BACKWARD IN SEVILLE Audrey Niffenegger

Helene stood at the front railing on the upper deck in the dark, watching as the ship maneuvered at a funny angle too close to a low stone bridge. A few people stood near her, all watching quietly as the crew worked on the deck below them. The band was playing Ellington at the other end of the ship; couples would be dancing neatly, persistently. In the cabins below, most of the passengers were asleep.

Helene’s father, Lewis, had been sleeping when she left their cabin, his face collapsed without the dentures, his mouth open, snoring. In sleep he frightened her. Let him wake up tomorrow, she prayed every night, though she was not religious. Don’t take him from me yet.

The Persephone wasn’t very large for a cruise ship. There were 300 passengers and 150 crew members. Helene had never been on a cruise before and had braced herself for bingo, seasickness, and enforced camaraderie, though her father kept assuring her it wasn’t that kind of cruise. “It’s low-key, mostly excursions to churches and lectures on Matisse. You’ve never been to Rome or Barcelona; you’ll love it. The Mediterranean is very calm in June. Don’t worry so much, Sweet Pea.” She had nodded and smiled. Of course she would love it; he wanted her to love it.

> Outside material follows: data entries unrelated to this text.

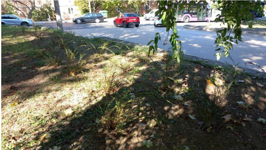
Cserjetelepítés a Stadion u. 6. játszótér mellett
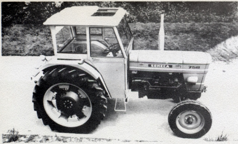
Toit ouvrant coulissant à l'aide de poignées intérieures (option).
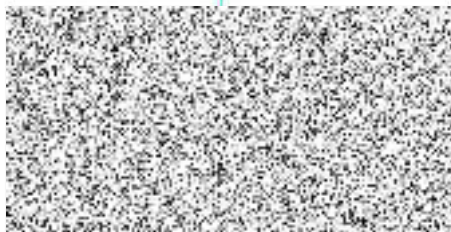
ředitelka ŽT, a.s.

Finanční úřad pro Ústecký kraj Generální finanční ředitelství Oddělení hospodářské správy
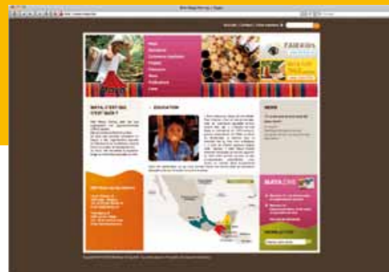
Notre nouveau site www.maya.be est en ligne !
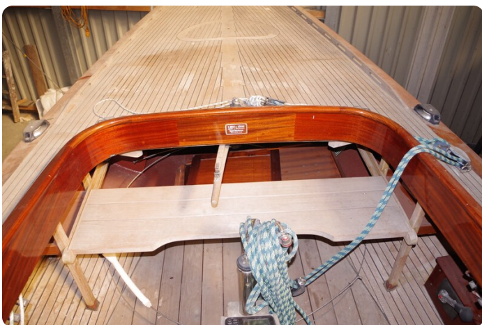
Schärenkreuzer FLORIAN 29
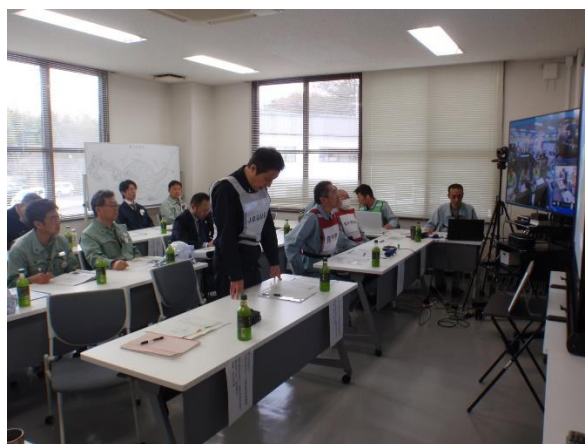
訓練開始指示(本館会議室)
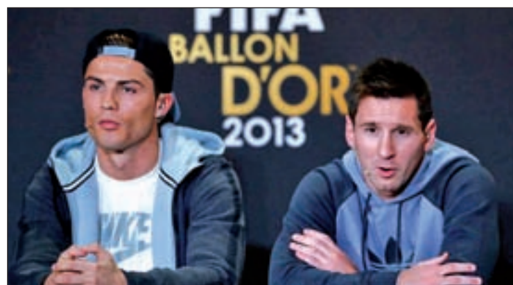
Messi y Ronaldo han copado los premios en los últimos años

UN LUSTRO de 'matrimonio' con el FIFA World Player
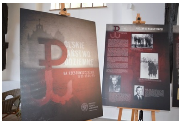
zdjęcie nr 2
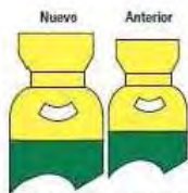
Dióxido de Azufre (SO 2 )
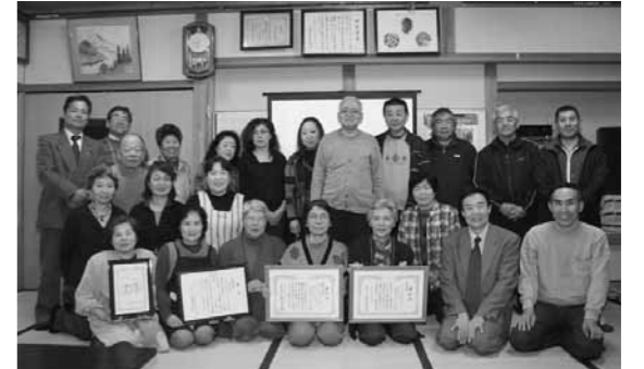
▲みんながたグリーンクラブの皆さん

大会では、各都道府県の代表が、さまざまな地球温暖化防止に向けた取り組みの発表をしたなかで、同クラブの「ゴーヤグリーンカーテン」の取り組みが評価され今回の受賞となりました。おめでとうございます。
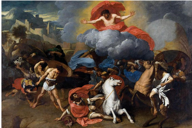
Bertholet Flemalle, Η μεταστροφή του Απ. Παύλου , Καθεδρικός Ναός Αγ. Παύλου, Λιέγη, Βέλγιο.
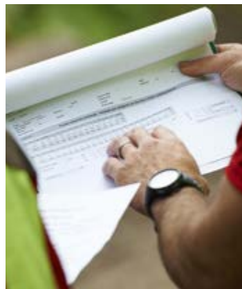
Vorarbeiter sind für einen grossen Teil der Arbeitsorganisation zuständig.
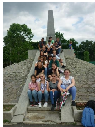
Az aradi hősök emlékművénél
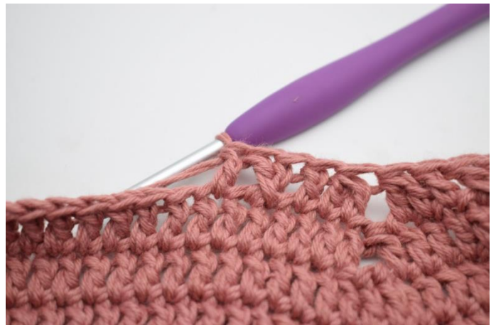
14. Hækl 1 stgm i næste m.
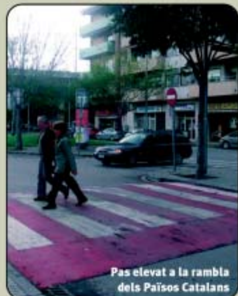
Pas elevat a la rambla dels Països Catalans
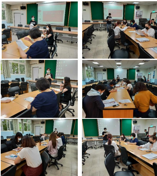
「特教推行委員會組織與運作」組織架構圖
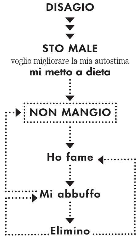
Figura 2. Disturbi del Comportamento Alimentare: dal disagio ai meccanismi automatici di mantenimento dei sintomi (circoli viziosi)

danni fisici più o meno gravi causati dai DCA. Si impara insomma a convivere con il disagio, il dolore fisico, la paura, la necessità di organizzarsi e di stare soli, il rischio di compromettere relazioni e progetti di vita pur ritenuti importanti e il pericolo di complicanze gravi anche mortali.
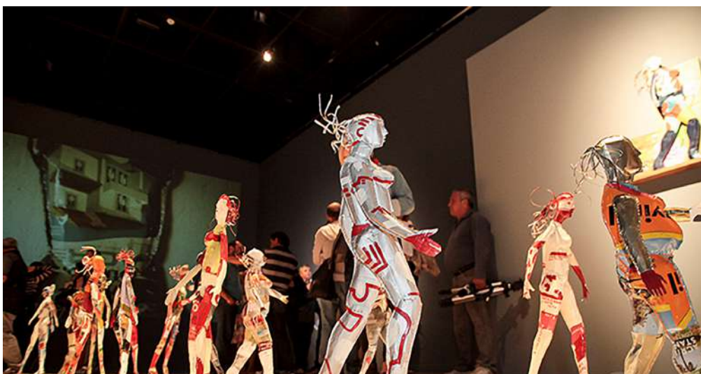
Exposição "Orifício", Galeria SESC Arsenal, Cuiabá, MT, 2014. (Disponível em: https://www.premiopiqa.com/ . Acesso em: 16/08/2024. Acesso em: 16 ago. 2024).
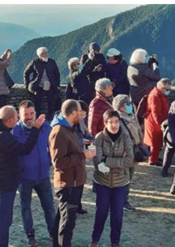
Admirant el Pirineu
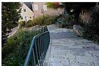
Le Tertre de la Poissonnerie

Ce tertre résulte de la réunion des tertres aux Rats et du Petit-Cerf rendue possible par la démolition des maisons, vers 1885. On peut avoir une pensée émue pour les porteurs d'eau « évier et évières » d'autrefois qui devaient gravir cette pente pour approvisionner la haute ville en eau de la fontaine Saint-André. Les marches qui facilitent aujourd'hui la montée ont été installées en 1815.
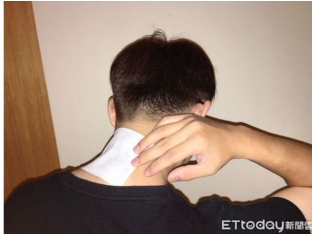
▲許多人覺得腰痠背痛時，第一個想到的就是貼酸痛藥布。
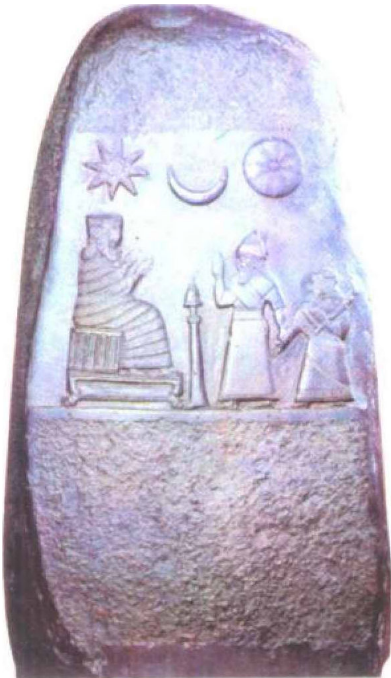
汉谟拉比法典石柱
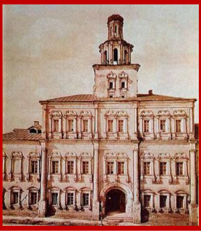
Первое здание Московского университета
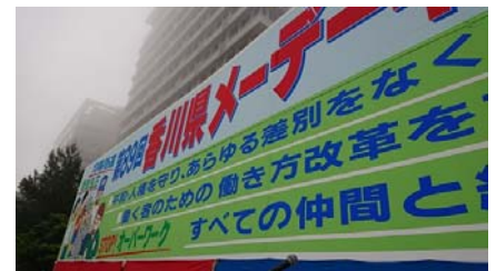
5 / 1 連合香川 第 89 回香川県メーデー中央集会
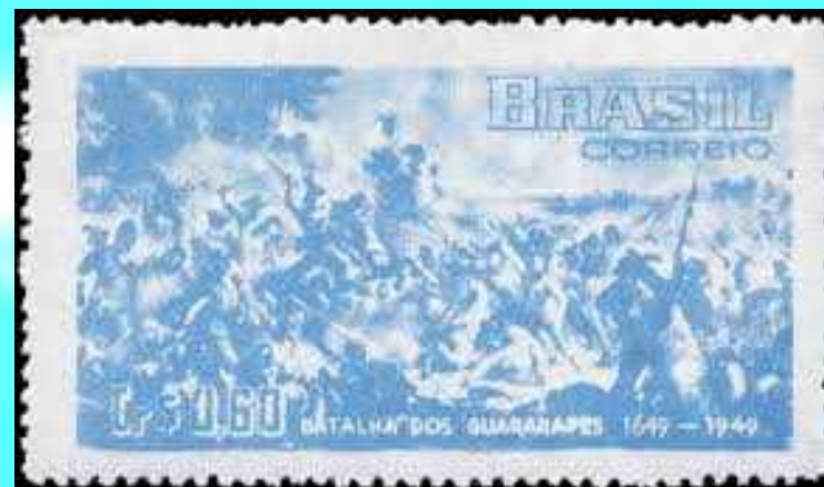
RHM C-243 Tricentenário da Segunda Batalha de Guararapes

Na região Nordeste Maurício de Nassau foi substituído na administração, quando os novos administradores passaram a cobrar as dívidas dos senhores de engenho, política que conduziu à Insurreição Pernambucana de 1645 e que culminou com a extinção do domínio holandês após a segunda Batalha dos Guararapes.
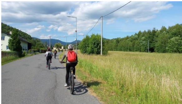
Kuva 1. sähköpyöräilyä Desná-jokivarren kylien läpi
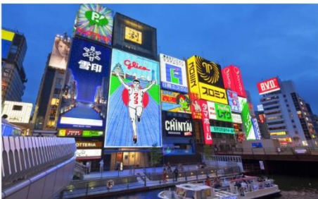
ย่านโดทงโบริ

The ship moved backward and then sideways, away from the port and the bridge. They were in a canal; they had been docked in Seville for two days. In Seville, Helene had gone on an excursion to a convent, a very sad convent run by an order called the Poor Clares. All the nuns were from Africa and had been cloistered until recently, but then the Poor Clares had become too poor and now they sold baked goods and let tourists come inside for a few euros each. Helene felt bad for them. She thought of the Sistine Chapel and St. Peter’s, which had been her first excursion. “You’d think they could redistribute the wealth a little,” she said to her father when she got back to the ship. “I don’t imagine nuns are too high on the food chain,” he replied. Storks were nesting in the chimneys of the convent. They made Helene want to cry.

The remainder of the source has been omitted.